* _Records for the task_:
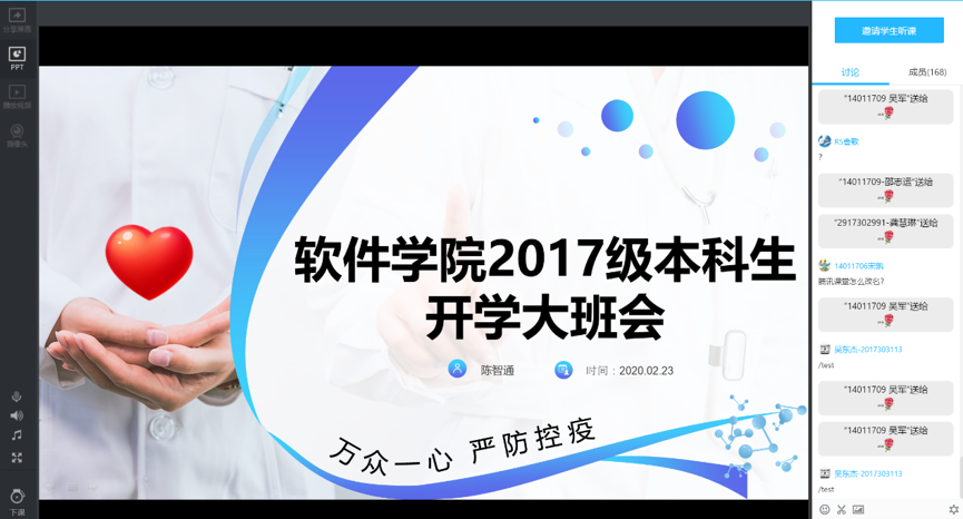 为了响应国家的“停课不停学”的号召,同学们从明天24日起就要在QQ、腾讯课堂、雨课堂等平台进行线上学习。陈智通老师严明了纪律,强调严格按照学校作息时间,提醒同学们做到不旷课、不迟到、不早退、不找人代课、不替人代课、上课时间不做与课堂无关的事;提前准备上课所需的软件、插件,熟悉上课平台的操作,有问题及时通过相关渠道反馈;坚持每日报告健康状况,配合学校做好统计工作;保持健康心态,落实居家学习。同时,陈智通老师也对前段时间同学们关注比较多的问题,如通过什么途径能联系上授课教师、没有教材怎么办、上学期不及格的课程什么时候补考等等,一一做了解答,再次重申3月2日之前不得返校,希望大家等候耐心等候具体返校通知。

...

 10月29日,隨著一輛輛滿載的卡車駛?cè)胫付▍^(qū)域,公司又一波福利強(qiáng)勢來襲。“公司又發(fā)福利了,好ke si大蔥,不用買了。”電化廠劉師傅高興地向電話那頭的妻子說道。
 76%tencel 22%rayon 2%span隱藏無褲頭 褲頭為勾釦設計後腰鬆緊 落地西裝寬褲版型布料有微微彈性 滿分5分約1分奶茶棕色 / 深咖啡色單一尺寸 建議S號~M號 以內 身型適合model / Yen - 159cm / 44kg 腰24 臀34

* _What to work on_:
Using the listing above, return word for word each line from the one that has "10月29日,隨著一輛輛滿載" through the one that has "76%tencel 22%rayon 2%span隱藏無褲頭", and no line outside that range.

* _Task answer_:
 10月29日,隨著一輛輛滿載的卡車駛?cè)胫付▍^(qū)域,公司又一波福利強(qiáng)勢來襲。“公司又發(fā)福利了,好ke si大蔥,不用買了。”電化廠劉師傅高興地向電話那頭的妻子說道。
 76%tencel 22%rayon 2%span隱藏無褲頭 褲頭為勾釦設計後腰鬆緊 落地西裝寬褲版型布料有微微彈性 滿分5分約1分奶茶棕色 / 深咖啡色單一尺寸 建議S號~M號 以內 身型適合model / Yen - 159cm / 44kg 腰24 臀34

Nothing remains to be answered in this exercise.